In BIOS, disable turbo to keep the multiplier at a specific setting. I think from your list it's: "CPU Ratio Setting: Auto"

Check the Windows Event Log for the BSOD codes, so we can rule out harddrive failures, etc.

Did you run through the Nehalem overclocking guide in the OP? It might be a good plan to revert to stock settings and go through it step by step. You've already got BCLK stable at 180 which is a safe, conservative point for X58, so build around that. It'll probably be easier ramping up BCLK and the CPU multiplier without worrying too much about the RAM overclocking just yet. Since X58 ties the RAM multipliers to QPI and BCLK (unlike Sandybridge where DRAM can be set independently without having to worry about other multipliers), you'll want to isolate those values at a low RAM clock first, and then attempt to raise the memory clocks once you have a stable CPU/BCLK overclock set.

Since you have 6 RAM modules running, try reverting to just 3 modules in parallel when you're going through the guide. It's possible that your CPU's IMC is having trouble with 6 modules & overclocking.

If your board supports saving separate OC profiles, save one before clearing CMOS/reverting to stock. Worst-case, you recorded the values on the last page to work with.

What motherboard are you using by the way? I think it was listed at one point but no idea where that post is.

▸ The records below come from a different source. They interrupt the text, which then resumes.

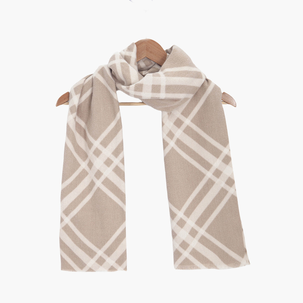 A lightweight scarf featuring a bold traditional check pattern. This classic design is eternally fashionable and versatile. Wear for any occasion.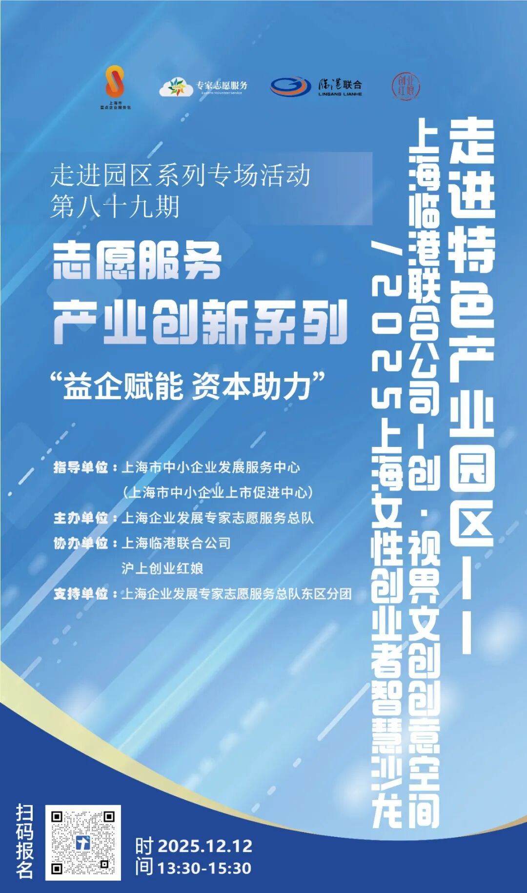 为助力园区企业链接优质产融资源,在上海市中小企业发展服务中心的指导下,在上海市国际股权投资基金协会的支持下,上海企业发展专家志愿服务总队联合众多机构共同为全市中小企业搭建产投融资加速平台,并分享产业融合、投融资对接、行业前景分析、政策解析等经验知识,赋能企业经营成长,推动产业创新发展。 产业创新系列第89期特别联动海临港联合发展有限公司、上海视觉艺术学院等单位共同举办女性创业者专场,欢迎积极报名! 扫码报名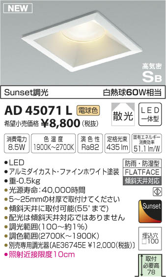 ¥³¥¤¥º¥ß¾ÈÌÀ KOIZUMI ¹âµ¤Ì©¥À¥¦¥ó¥é¥¤¥È LED¡ÊÅŵ忧¡Ë AD45071L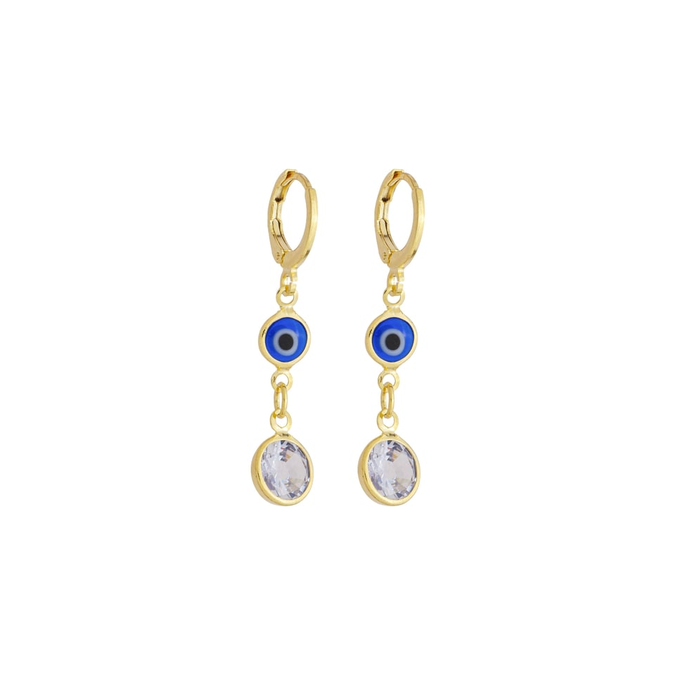 Brinco argola com olho grego e pedra 8mm zircônia, medindo 4cm de comprimento BANHO DE OURO

cisco privilege fucked around with this message at Feb 12, 2012 around 05:57

Druuge Fuel
Jul 9, 2010



Great OP! I initially thought I was buying an awesome motherboard for OC'ing when it first came out -- as it turns out it's one of the worst. I've purchased a hyper 212+, additional ceiling fans for my case, but it still throttles down after prolonged use under ~full load. It boggled my mind for a long time until learning all about 4+1 power phases and un-sinked mosfets!! That knowledge will certainly factor into my next mobo buying decision.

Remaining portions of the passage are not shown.